- Born: Rodney Michael Harvey July 31, 1967 Philadelphia, Pennsylvania, U.S.
- Died: April 11, 1998 (aged 30) Los Angeles, California, U.S.
- Resting place: Saints Peter and Paul Cemetery
- Occupations: Actor; singer; dancer; model;
- Years active: 1985–1996

= Rodney Harvey =

American actor (1967–1998)

Rodney Michael Harvey (July 31, 1967 - April 11, 1998) was an American actor, model, singer and dancer.

==Career==
Born in Philadelphia, Pennsylvania, to Eddie and Lois Harvey. Harvey was "discovered" by director Paul Morrissey in 1984. Morrissey cast Harvey in two of his films Mixed Blood (1984) and Spike of Bensonhurst (1988). Harvey attended South Philadelphia High School through the 11th grade, but dropped out to pursue a movie career. After signing with an agent, Harvey moved to Los Angeles where he continued acting and also began modelling. He appeared in a layout for Life magazine featuring Madonna photographed by Bruce Webber and worked for Calvin Klein.
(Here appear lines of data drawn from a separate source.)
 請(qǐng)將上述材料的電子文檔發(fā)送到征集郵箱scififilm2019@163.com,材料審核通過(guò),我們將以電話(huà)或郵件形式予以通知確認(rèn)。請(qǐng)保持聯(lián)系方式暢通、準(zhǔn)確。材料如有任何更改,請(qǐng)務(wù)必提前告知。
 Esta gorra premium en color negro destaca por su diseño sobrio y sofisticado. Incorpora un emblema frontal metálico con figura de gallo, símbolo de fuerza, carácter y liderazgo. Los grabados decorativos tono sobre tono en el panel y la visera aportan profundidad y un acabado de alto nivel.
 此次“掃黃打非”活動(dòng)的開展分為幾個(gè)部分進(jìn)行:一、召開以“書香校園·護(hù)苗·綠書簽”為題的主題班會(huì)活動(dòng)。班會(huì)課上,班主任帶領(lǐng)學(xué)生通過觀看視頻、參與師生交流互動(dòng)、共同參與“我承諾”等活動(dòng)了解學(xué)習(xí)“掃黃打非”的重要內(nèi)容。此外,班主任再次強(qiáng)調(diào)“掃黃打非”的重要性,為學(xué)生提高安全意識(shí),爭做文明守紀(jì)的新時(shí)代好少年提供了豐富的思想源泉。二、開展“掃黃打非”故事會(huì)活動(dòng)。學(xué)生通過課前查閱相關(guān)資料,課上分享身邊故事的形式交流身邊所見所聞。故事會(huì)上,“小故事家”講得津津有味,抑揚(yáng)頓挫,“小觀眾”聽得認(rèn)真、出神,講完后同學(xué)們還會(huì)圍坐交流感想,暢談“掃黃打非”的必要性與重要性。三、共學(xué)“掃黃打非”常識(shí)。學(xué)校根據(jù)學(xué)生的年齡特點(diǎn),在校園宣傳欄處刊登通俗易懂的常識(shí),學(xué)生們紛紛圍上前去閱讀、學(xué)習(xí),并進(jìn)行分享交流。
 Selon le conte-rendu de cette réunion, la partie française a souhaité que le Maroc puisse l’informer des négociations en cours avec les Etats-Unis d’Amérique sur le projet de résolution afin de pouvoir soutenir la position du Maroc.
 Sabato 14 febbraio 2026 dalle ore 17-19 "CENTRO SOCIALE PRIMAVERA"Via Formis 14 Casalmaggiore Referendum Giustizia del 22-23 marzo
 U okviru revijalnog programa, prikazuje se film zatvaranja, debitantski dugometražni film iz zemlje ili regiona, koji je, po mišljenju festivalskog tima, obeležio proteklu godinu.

In 1990, he landed the role of Sodapop Curtis in the Fox series The Outsiders. After the series ended after one season, Harvey guest starred on Twin Peaks, followed by a role in the Gus Van Sant film My Own Private Idaho. Harvey also appeared in the 1988 film Salsa alongside Draco Rosa. He made his last onscreen appearance in 1996 with a role in the drama God's Lonely Man.

==Death==
During the making of My Own Private Idaho, Harvey began using heroin. After several stints in jail and attempts to get clean, he died of a heroin and cocaine overdose on April 11, 1998, at the Hotel Barbizon in Los Angeles.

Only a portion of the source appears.